Three quarters (75%) of board members and senior managers at UAE financial services organisations are most concerned about increased competition over the next 12 months, according to a study by the Collinson Group published today.  The research found that UAE financial services providers such as banks, credit card companies and insurers are significantly more concerned about competition than their counterparts in the UK and Singapore.

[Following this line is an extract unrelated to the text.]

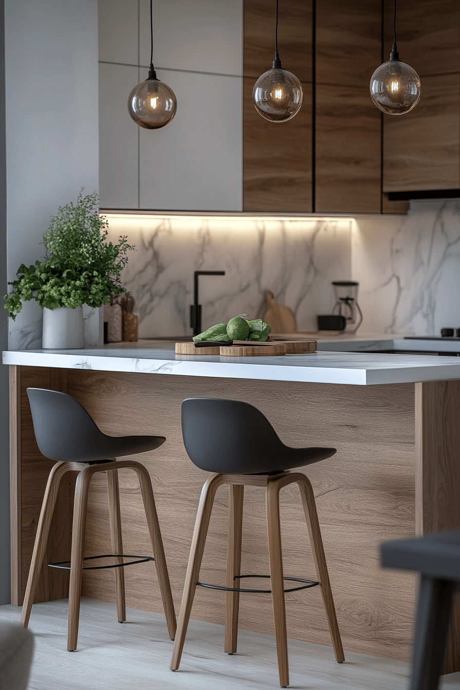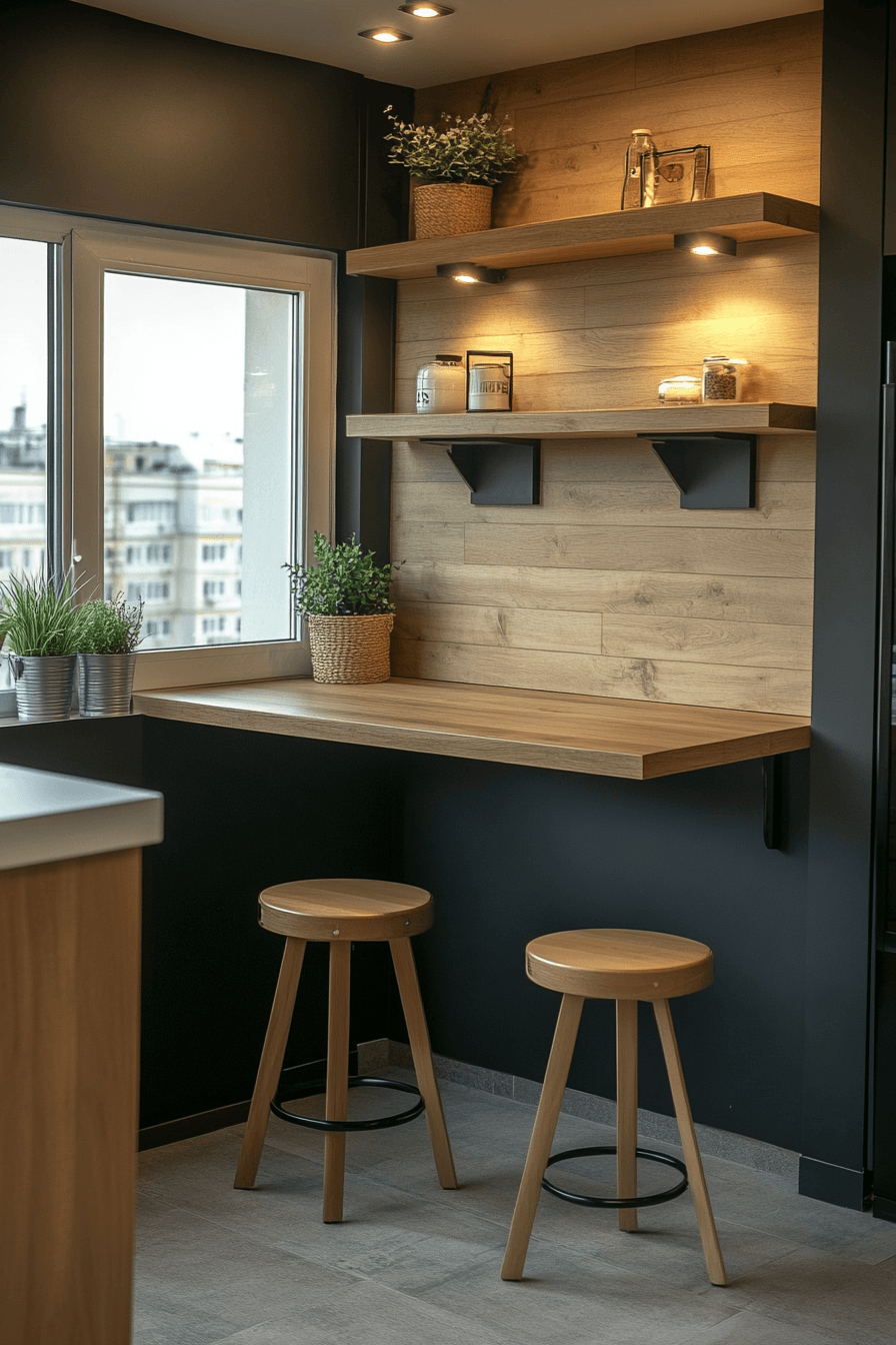 An elevated bar-style ledge creates a casual dining spot without taking up valuable floor space, making it perfect for compact kitchens. Its slim, streamlined profile keeps the layout open and flexible while still providing a functional surface. Paired with stools that tuck neatly underneath, the design remains clean and efficient. Small kitchen table ideas like this maximize vertical space, turning unused areas into practical dining zones. Adding subtle lighting or decor can enhance the overall look without clutter. The mood feels modern, social, and effortlessly functional. Explore this setup for a smart kitchen upgrade.
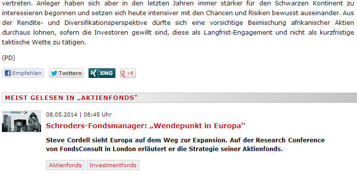 Lesern, denen ein FundResearch-Beitrag gefallen hat, können diesen nun „empfehlen“. Am Ende eines jeden Artikels befinden sich Buttons, mit denen der Beitrag in Sozialen Netzwerken geteilt werden kann. Facebook, Twitter, Xing und Google+ sind bisher vorgegeben.

According to the Collinson Group, this increased competitive pressure is focusing the minds of UAE financial services executives on their customers to a greater extent than in either Singapore or the UK.  The key issues highlighted by respondents include: ensuring a consistent customer experience (cited by 45% of UAE respondents, compared with as little as 27% in Singapore), achieving brand differentiation (45% compared with 32% in the UK), and, harnessing customer insights and data (45% compared with 33% in the UK).

Loyalty holds the key

Investment in loyalty and other customer engagement initiatives looms large on the priority list of UAE financial executives.  Over the next 12 months, almost half (48%) plan to invest in developing and improving customer loyalty initiatives, whereas two fifths (39%) anticipate engaging with customers via digital and social channels of importance. Many institutions in the UAE are in fact shunning “traditional” communication channels and engaging with customers using social methods in order to satisfy the needs of the increasingly mobile-focused customer. 

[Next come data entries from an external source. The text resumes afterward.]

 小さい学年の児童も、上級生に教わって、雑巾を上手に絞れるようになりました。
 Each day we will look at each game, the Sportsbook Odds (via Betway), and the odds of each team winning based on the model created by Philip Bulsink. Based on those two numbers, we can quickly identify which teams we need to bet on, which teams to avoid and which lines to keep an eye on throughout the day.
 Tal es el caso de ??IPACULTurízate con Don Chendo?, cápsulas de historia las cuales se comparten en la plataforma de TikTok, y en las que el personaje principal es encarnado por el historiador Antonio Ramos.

The Collinson Group study also highlighted the unique customer dynamics of the UAE marketplace, which has a comparatively high proportion of transient residents.  As a consequence, financial services organisations in the region only expect to retain customers for between one and three years, whereas almost half (45%) of respondents in both Singapore and the UK expect to retain customers between four and five years.

Whilst commitment to customers is high amongst UAE institutions, financial professionals are less concerned over regulation: only 39% of UAE companies cite it as a key consideration for this year compared to 57% in Singapore and nearly two thirds of respondents (65%) in the UK. 

Christopher Evans, Director, Collinson Group commented, “Financial services executives in the UAE recognise that building emotional engagement with their customers will help combat the threat of losing customers in an increasingly competitive marketplace.  With such a high proportion of short-term residents, UAE providers need to constantly work to win over new customers – and prove to existing ones they have made the right choice.”

“This depends on doing two things right.  First, they need to invest in gaining insight to better understand their customers, and second, they must seek to add value at all customer interaction points in a relevant way.”

Delivering value is not only important to retain customers but also in terms of customer acquisition. It takes time to achieve high levels of customer engagement, so it is important for banks to build the foundations now. For these initiatives to succeed, they need endorsement at the highest level, insights need to be shared across the organisation, and the process of improvement needs to be integral to the organisation and continuous. 

We encourage financial service organisations to act now if they are to combat the risk of being left behind by faster-moving competitors who prioritise customer experience”.